The energy-separation curve for two atoms, a distance, r, apart is: U(r)=−A/r^m+B/r^n
Derive and expression for the stiffness of the bond at the equilibrium spacing, in terms of A, B, m, n, and r0.
S=dF/dr at r=r0:
I don't know what F is, but
dU/dr = Am/r^(m+1) - Bn/r^(n+1)
So, plug in r0 and you have
dU/dr(r0) = Am/r0^(m+1) - Bn/r0^(n+1)
To derive the expression for the stiffness of the bond at the equilibrium spacing, we need to find the derivative of the potential energy function U(r) with respect to the distance r, and then evaluate it at the equilibrium spacing r0.
First, let's find the derivative of U(r) with respect to r:
dU/dr = d(-A/r^m + B/r^n)/dr
To differentiate the terms with respect to r, we need to use the power rule for differentiation.

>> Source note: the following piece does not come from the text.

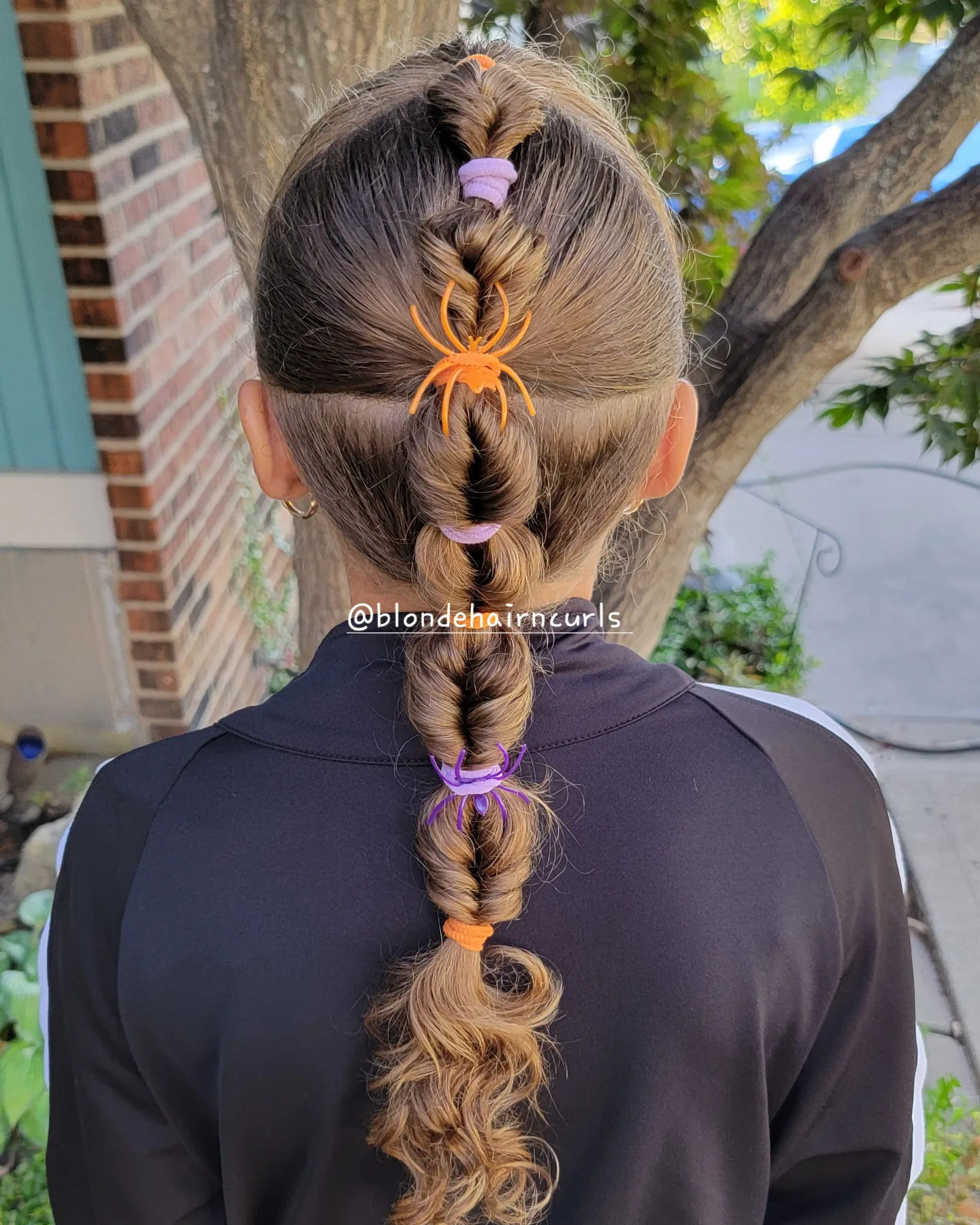 Each bubble section is gently pulled for volume, giving the braid its soft fishtail shape. A few bright plastic spiders are added for a spooky, playful touch.

The power rule states that if we have a function of the form f(x) = x^k, then the derivative df/dx is given by df/dx = kx^(k-1).
Applying the power rule to the terms in U(r), we get:
dU/dr = (Am/r^(m+1)) - (Bn/r^(n+1))
Now, we can evaluate this derivative at the equilibrium spacing r0. Let's call the derivative at r=r0 as S (stiffness). So, we have:
S = dU/dr evaluated at r0
S = [(Am/r0^(m+1)) - (Bn/r0^(n+1))] evaluated at r=r0
S = Am/r0^(m+1) - Bn/r0^(n+1)
Therefore, the expression for the stiffness of the bond at the equilibrium spacing r0 is:
S = Am/r0^(m+1) - Bn/r0^(n+1)
This expression represents the stiffness of the bond and is written in terms of constants A, B, exponents m and n, and the equilibrium spacing r0.